Data section.
.....
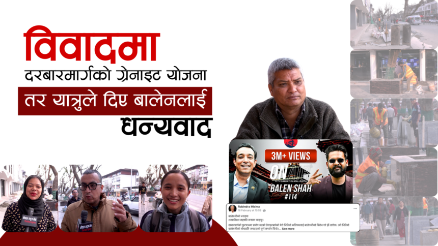 काठमाडौं । काठमाडौं महानगरपालिकाले दरबारमार्गको फुटपाथमा बिछ्याइरहेको ग्रेनाइटको विषयलाई लिएर केही दिनदेखि सामाजिक सञ्जालमा विवाद भइरहेको छ । विभिन्न राजनीतिक दलका नेताहरु एवम अभियन्ताहरुले समेत खुलेरै विरोध जनाइरहेका छन् ।
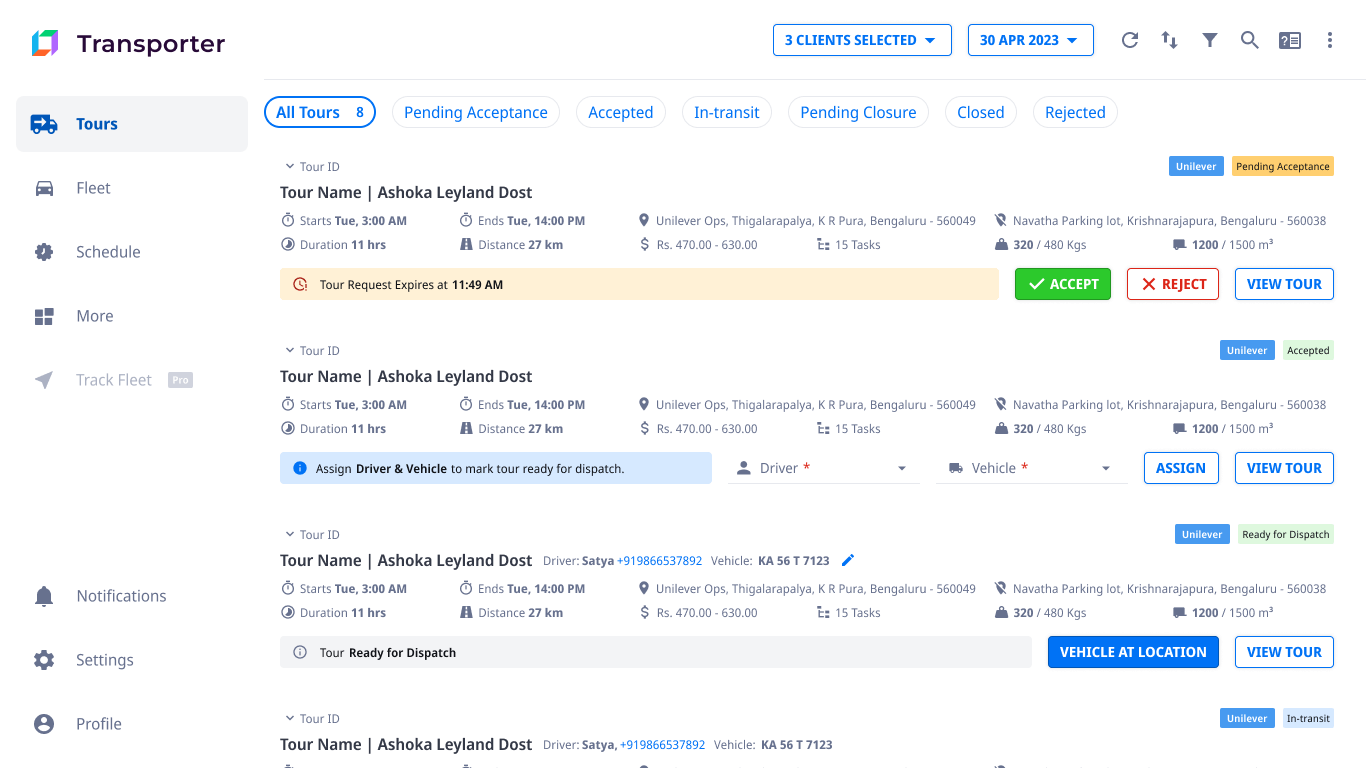 Shippers who are clients of Locus outsource the Tier-3 deliveries to third-party transporters and get updates about deliveries in informal channels like whatsapp.
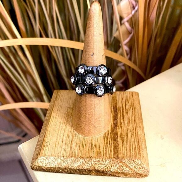Black CZ Stacking Rings Tin Cobalt Size 7&8
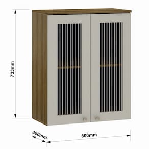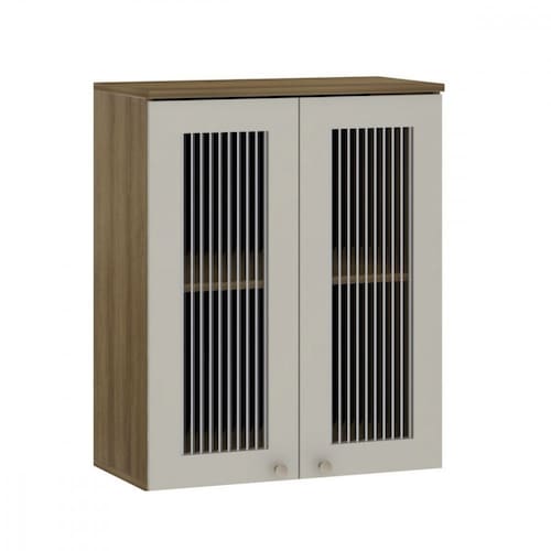 Armário Aéreo 2 Portas Vidro Canelado 80cm Isis Luciane - Bege Claro
.....
Task. Look above for the line containing "Black CZ Stacking Rings Tin Cobalt Size 7&8"; output that line and all lines after it through the last one exactly, without the pictures.

Written reply.
Black CZ Stacking Rings Tin Cobalt Size 7&8
 Armário Aéreo 2 Portas Vidro Canelado 80cm Isis Luciane - Bege Claro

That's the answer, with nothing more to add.